Opinion
No. 08 C 2894.
May 21, 2008
MEMORANDUM ORDER
Javier Bailey ("Bailey") has filed a pro se 42 U.S.C. § 1983 ("Section 1983") Complaint against former Cook County Public Defender Rita Fry and no fewer than eight Assistant Public Defenders, charging that they violated his constitutional right to receive the effective assistance of counsel in his state court criminal case. Bailey has accompanied his Complaint with an In Forma Pauperis Application ("Application") and a Motion for Appointment of Counsel ("Motion"), all three documents (1) having been submitted on forms supplied to prisoners by this District Court's Clerk's Office and (2) having been completed by Bailey with handprinted inserts.
This Court has conducted the preliminary screening called for by 28 U.S.C. § 1915A(a). That review mandates a swift dismissal of the Complaint and this action, thus calling for denial of the Motion on mootness grounds. As for the Application, something more may remain for consideration, as explained later in this order.
All further references to Title 28's provisions will simply take the form "Section ___."

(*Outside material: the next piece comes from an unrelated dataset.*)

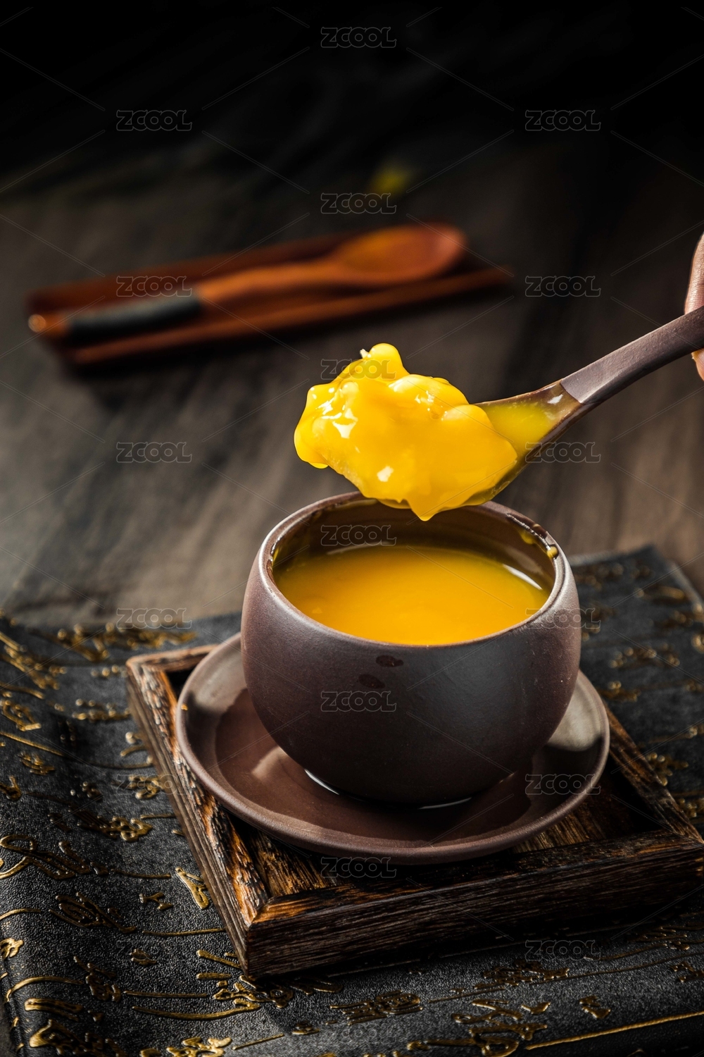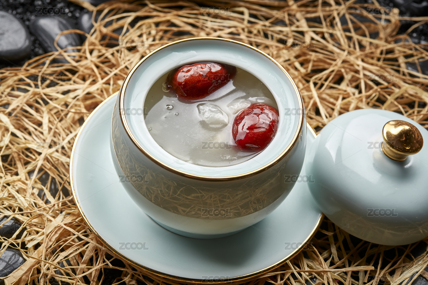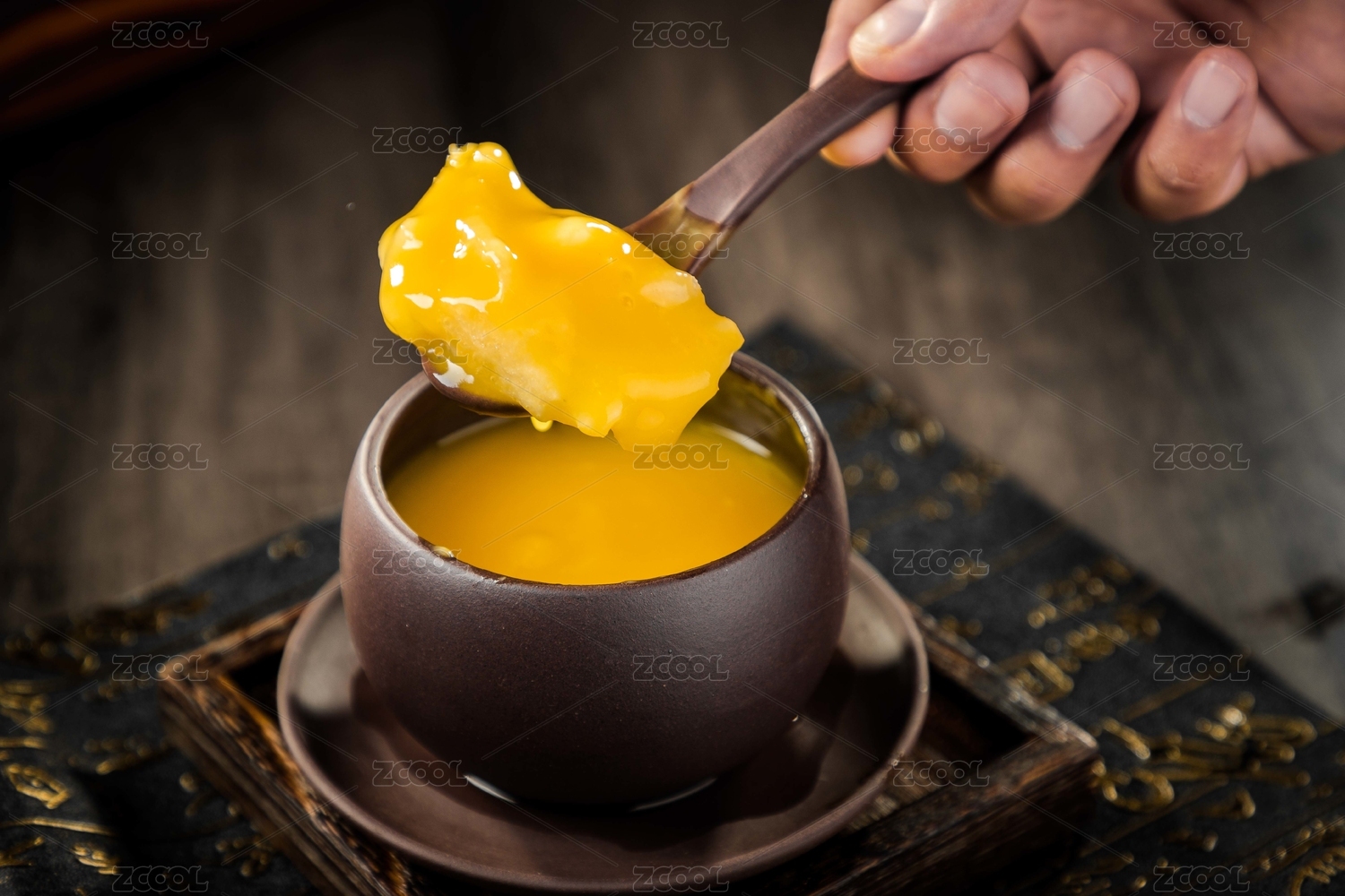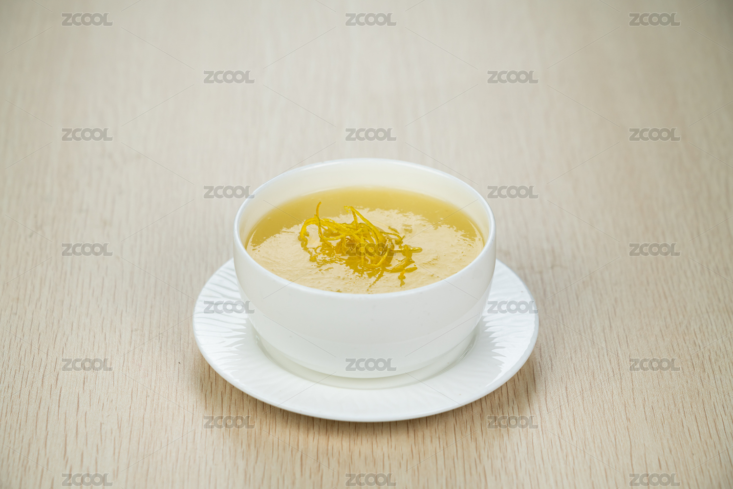 煮好的燕窩羹在自然的木紋場景里

Bailey has been a regular visitor to this District Court. He lists six prior lawsuits in the Complaint, two of which he characterizes as having resulted in "strikes" — an obvious reference to cases countable under Section 1915(g). If he has understated that number, the existence of three or more strikes before he brought this action would be an independent ground for rejecting the Application at the outset, as contrasted with this Court's entry of an order under Section 1915(b)(1) that would grant the Application to the extent that Bailey need not pay the entire $350 filing fee in advance, even though he would be liable to pay that fee on an installment basis. Hence this Court has requested further input from this District Court's staff attorneys who deal with prisoners' pro se actions, so that it holds in abeyance any ruling on the Application.
But to turn to Bailey's claim on the merits, he has ignored totally the basic principle that was announced by the Supreme Court more than a quarter century ago in Polk County v. Dodson, 454 U.S. 312 (1981) and that has been reconfirmed and applied in a host of cases since then: Public defenders are not state actors who are suable under Section 1983. Given the long-settled state of the law in that respect, this current action is plainly frivolous in the legal sense — or short of that, it would be an understatement to say that the Complaint fails to state a claim upon which relief may be granted. That in turn subjects Bailey to another strike under Section 1915(g), so that based on his own input the filing fee for any future lawsuit he may bring must be prepaid in full. Meanwhile, as stated earlier, both the Complaint and this action are dismissed with prejudice as to Bailey's Section 1983 claim, and the Motion is denied as moot.
Bailey also refers to "state claims" as to which this Court assertedly has supplemental jurisdiction (see Section 1367(a)). Any such claims are dismissed without prejudice.